Der Kern der "deutschen Frage" - Teilung oder Einheit - betrifft allerdings nicht die Kriegs-, sondern die Nachkriegszeit. Die Herausgeber meinen, auf Grund der Dokumente eine gerade Linie von den Aufteilungsabsichten Stalins während des Krieges über dessen Besatzungszonenstrategie zur bewusst angesteuerten Teilung ziehen zu können. Aber diese Auffassung muss man nicht teilen. So wird, um nur ein Indiz anzuführen, in keinem der publizierten Nachkriegsdokumente diese Absicht direkt ausgesprochen und, wie während des Krieges hinsichtlich der Aufteilungspläne, betont, dass den Alliierten aus taktischen Gründen der "Schwarze Peter" für eine solche Entwicklung zugeschoben werden soll. Dennoch wird man den Dokumenten eine durchgängige Präferenz zur Bewahrung absoluter Handlungsfreiheit in der eigenen Besatzungszone entnehmen, sobald nur die Rede auf die Einrichtung gesamtdeutscher Institutionen und Regelungen kam. Die Mitsprachemöglichkeit in den Westzonen schien dagegen zweitrangig zu sein.

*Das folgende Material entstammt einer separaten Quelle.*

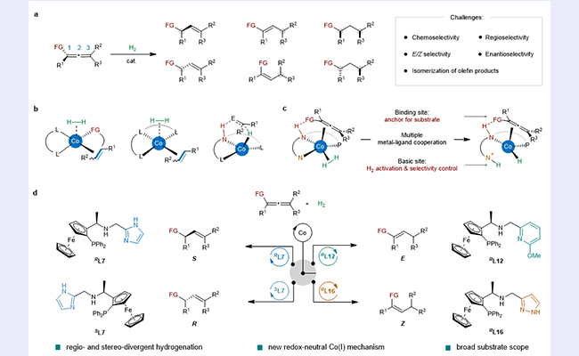 近日,清华大学化学系刘强教授课题组在不对称氢化研究领域取得重要突破。研究团队通过设计并合成一类具有多重金属-配体协同作用的新型钳形钴催化剂,成功实现了多取代联烯的位点与立体选择性发散式半氢化反应,解决了该领域长期存在的选择性控制难题。

Die sowjetischen Dokumente weisen sogar für den Fall, dass alliierte Regelungen sowjetischen Wünschen entsprochen hätten, wenig Interesse aus. So verwendete Molotow auf der Potsdamer Konferenz keinerlei Energie darauf, einen unter Federführung Maiskis ausgearbeiteten Reparationsplan durchzusetzen, bezeichnete dagegen das in Potsdam beschlossene "Zonenprinzip" als "Schritt nach vorn" (2/ 81). Bewahrung der Handlungsfreiheit in der eigenen Zone - das war die Maxime in diesen und ähnlichen Fragen, etwa der Festlegung eines Industrieniveaus in Deutschland, der Währungsreform und der Einführung von Zentralverwaltungen. Man lehnte beispielsweise im August 1946 amerikanische Vorschläge zur Währungsreform aus durchaus legitimen Gründen ab, konnte sich aber erstaunlicherweise auch nicht auf einen eigenen Vorschlag verständigen (2/ LIII, 630-632). Entsprechende Entwürfe wurden aus Gründen, die aus den Dokumenten nicht hervorgehen, nicht weiterverfolgt.
Das ist besonders pikant, weil die einseitige Währungsreform in den Westzonen und den Westsektoren Berlins den Anlass für die Aufkündigung der Kontrollratszusammenarbeit am 20. März 1948 und die Blockademaßnahmen in Berlin bildete. Soweit aus den sowjetischen Dokumenten ersichtlich, wurde der Beschluss zu den Blockademaßnahmen jedoch intern keineswegs mit dem Vorgehen der Westmächte begründet. Auch die Währungsreform in der eigenen Zone wurde unabhängig von den Maßnahmen der Westmächte vorbereitet. Nach Maßgabe der vorliegenden Dokumente muss man deshalb mit den Bearbeitern schließen, dass der Zweck der Blockade nicht die Verhinderung der separaten Weststaatsbildung und die Erzwingung der Zusammenarbeitsbereitschaft der Westmächte, sondern ihre Vertreibung aus Berlin war. Diese Absicht brachte Stalin am 26. März 1948 gegenüber den SED-Führern zum Ausdruck (3/ 546).
Das letzte Wort hinsichtlich der sowjetischen Absichten in Berlin und in Deutschland ist damit sicher noch nicht gesprochen. Vielleicht ist die DDR, wie man in Anlehnung an Wilfried Loth sagen könnte, ein ungeliebtes, aber doch gewolltes Kind Stalins gewesen.